§ **DATASET EXCERPT**:
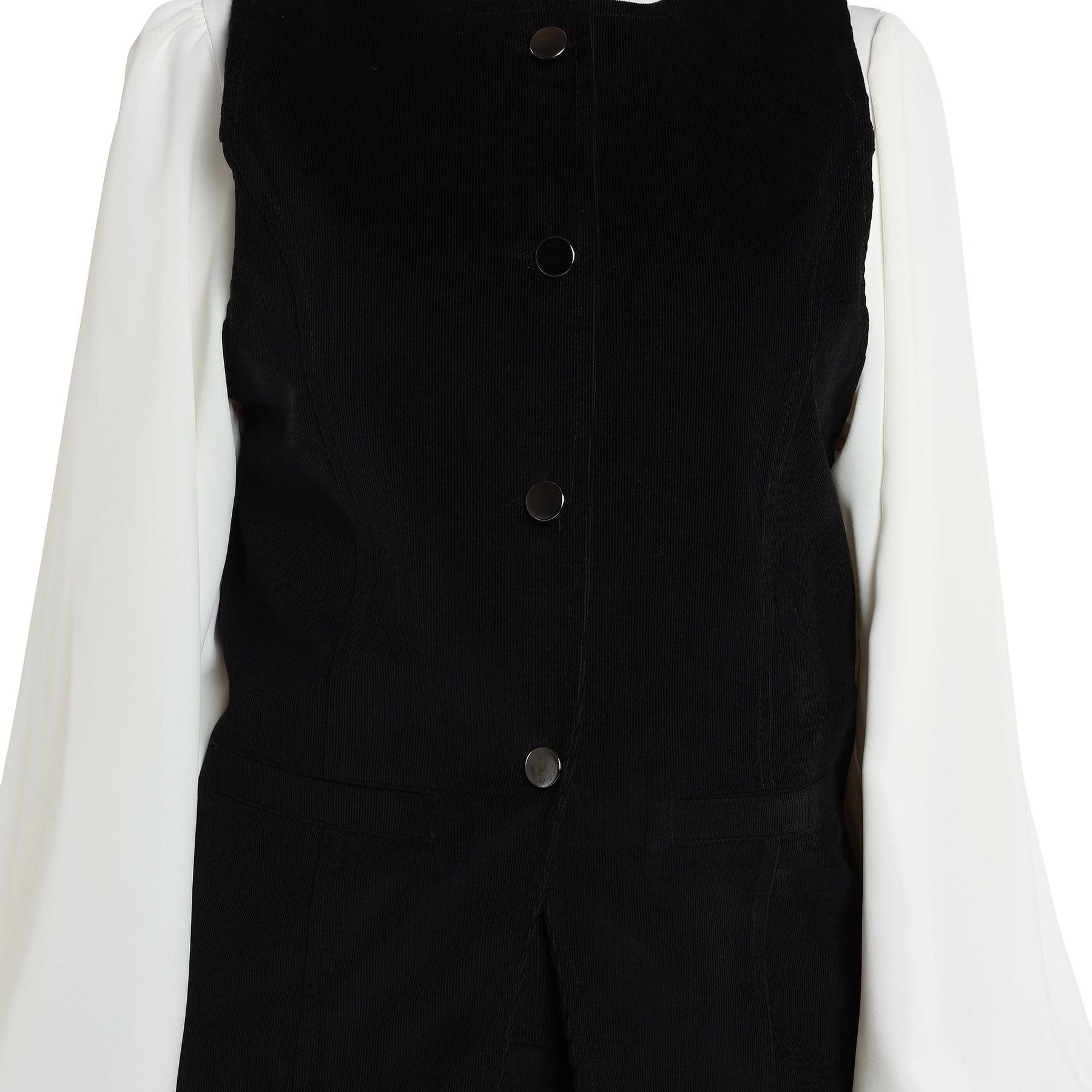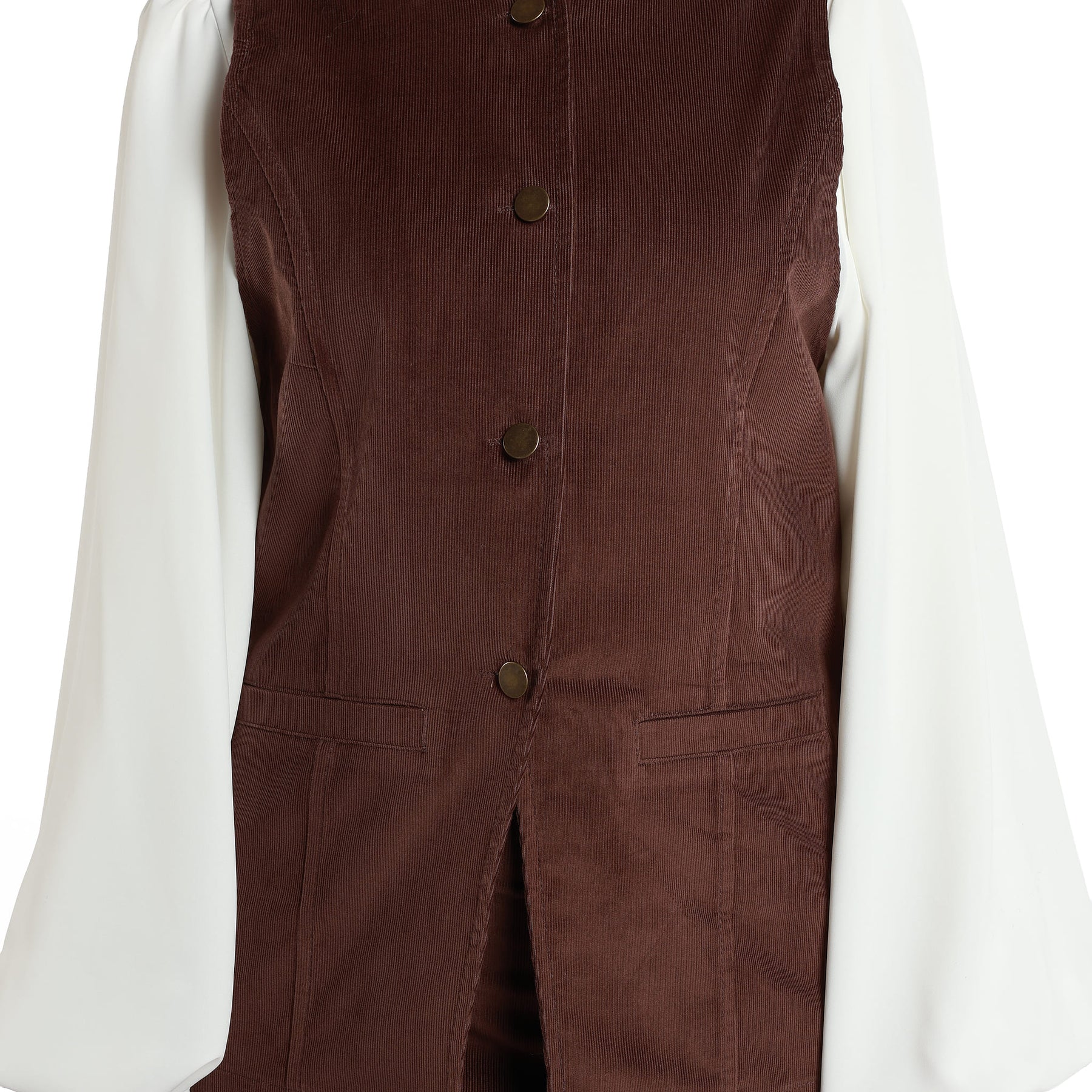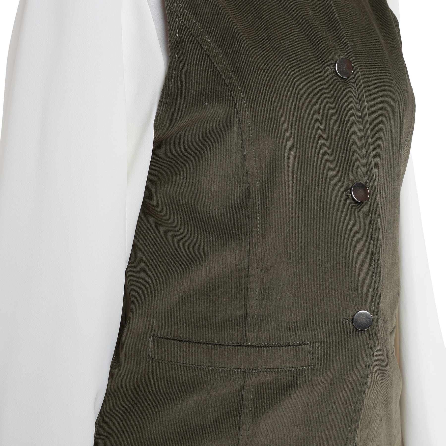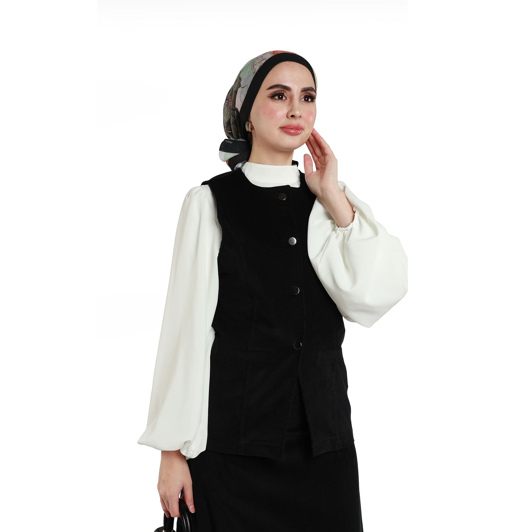 This velvet vest and skirt set offers an elegant yet comfortable look for both everyday wear and special occasions. Made from 100% cotton, it feels soft on the skin. Available in black, beige, brown and green, it styles easily with different blouses and accessories. The buttoned vest features decorative pocket flaps for a refined finish.
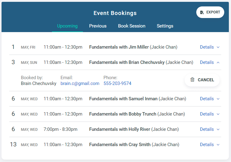 - Class scheduling: You can schedule and publish classes on your website or social media channels. Clients can then book their spots in advance, and businesses can track their attendance to understand class popularity and demand better. Â
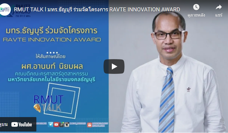 RMUT TALK l มทร.ธัญบุรี ร่วมจัดโครงการ RAVTE INNOVATION AWARD เปิดรับนักศึกษาส่งผลงานเข้าร่วมประกวดสิ่งประดิษฐ์นวัตกรรม สัมภาษณ์ ผศ.อานนท์ นิยมผล คณบดีคณะครุศาสตร์อุตสาหกรรม มทร.ธัญบุรี . โครงการ RAVTE INNOVATION AWARD เปิดรับนักศึกษาส่งผลงานเข้าร่วมประกวดสิ่ประดิษฐ์นวัตกรรม โดยคุณสมบัติผู้สมัครต้องเป็น นักศึกษาระดับปริญญาตรีทุกสาขา และนักศึกษาสามารถเข้าร่วมเป็นทีม หรือรายบุคคลได้ ลักษณะผลงาน 1. Ready-made article (ขึ้นงานที่สำเร็จรูป) 2. Prototype (ต้นแบบ) การส่งผลงานสิ่งประดิษฐ์เพื่อเข้าร่วมประกวด 1. ส่งแบบตอบรับการเข้าร่วมโครงการฯ 2. จัดทำเอกสารร่ายละเอียดผลงานตามแบบฟอร์มที่กำหนด สรุปข้อมูลโดยย่อของผลงานฯ และหนังสือยืนยันความเป็นเจ้าของผลงานสิ่งประดิษฐ์ จำนวน ...

§ **TASK INSTRUCTIONS**:
Give back every line of the material above word for word, leaving out the pictures.

§ **RESPONSE BELOW**:
 This velvet vest and skirt set offers an elegant yet comfortable look for both everyday wear and special occasions. Made from 100% cotton, it feels soft on the skin. Available in black, beige, brown and green, it styles easily with different blouses and accessories. The buttoned vest features decorative pocket flaps for a refined finish.
 - Class scheduling: You can schedule and publish classes on your website or social media channels. Clients can then book their spots in advance, and businesses can track their attendance to understand class popularity and demand better. Â
 RMUT TALK l มทร.ธัญบุรี ร่วมจัดโครงการ RAVTE INNOVATION AWARD เปิดรับนักศึกษาส่งผลงานเข้าร่วมประกวดสิ่งประดิษฐ์นวัตกรรม สัมภาษณ์ ผศ.อานนท์ นิยมผล คณบดีคณะครุศาสตร์อุตสาหกรรม มทร.ธัญบุรี . โครงการ RAVTE INNOVATION AWARD เปิดรับนักศึกษาส่งผลงานเข้าร่วมประกวดสิ่ประดิษฐ์นวัตกรรม โดยคุณสมบัติผู้สมัครต้องเป็น นักศึกษาระดับปริญญาตรีทุกสาขา และนักศึกษาสามารถเข้าร่วมเป็นทีม หรือรายบุคคลได้ ลักษณะผลงาน 1. Ready-made article (ขึ้นงานที่สำเร็จรูป) 2. Prototype (ต้นแบบ) การส่งผลงานสิ่งประดิษฐ์เพื่อเข้าร่วมประกวด 1. ส่งแบบตอบรับการเข้าร่วมโครงการฯ 2. จัดทำเอกสารร่ายละเอียดผลงานตามแบบฟอร์มที่กำหนด สรุปข้อมูลโดยย่อของผลงานฯ และหนังสือยืนยันความเป็นเจ้าของผลงานสิ่งประดิษฐ์ จำนวน ...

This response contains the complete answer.